Beginning with the line containing "Продаю квартиру в" and ending with the line containing "Gas log fireplaceStylish", write out each line of the records below exactly; pictures and lines outside that range are left out.

#### Stored data:
# # # # #

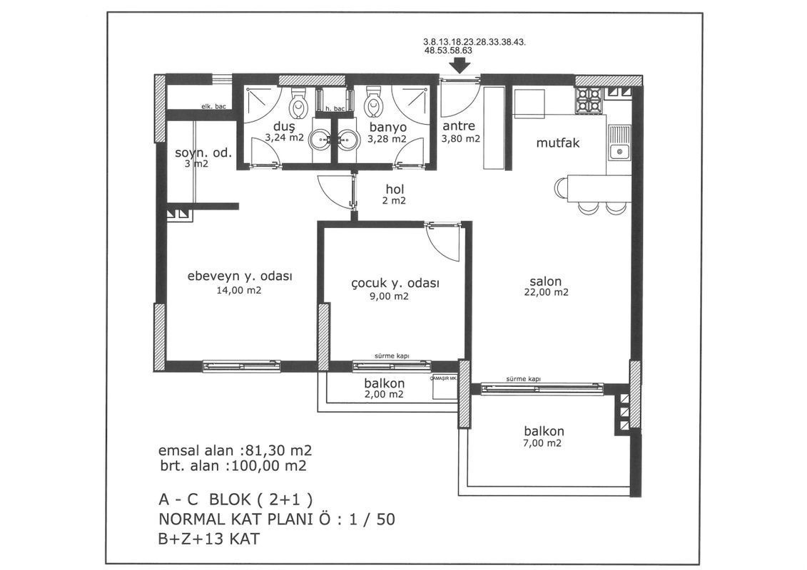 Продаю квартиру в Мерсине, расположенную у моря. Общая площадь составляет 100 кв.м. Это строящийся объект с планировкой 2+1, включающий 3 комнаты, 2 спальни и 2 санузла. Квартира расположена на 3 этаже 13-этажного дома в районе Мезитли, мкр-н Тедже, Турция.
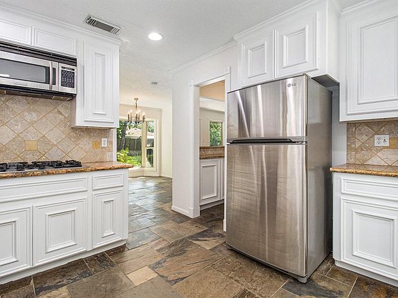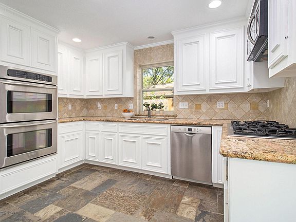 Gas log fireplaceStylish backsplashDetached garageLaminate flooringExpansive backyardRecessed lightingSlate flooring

# # # # #

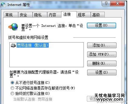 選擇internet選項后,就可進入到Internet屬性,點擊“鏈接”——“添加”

# # # # #

#### Result below:
 Продаю квартиру в Мерсине, расположенную у моря. Общая площадь составляет 100 кв.м. Это строящийся объект с планировкой 2+1, включающий 3 комнаты, 2 спальни и 2 санузла. Квартира расположена на 3 этаже 13-этажного дома в районе Мезитли, мкр-н Тедже, Турция.
 Gas log fireplaceStylish backsplashDetached garageLaminate flooringExpansive backyardRecessed lightingSlate flooring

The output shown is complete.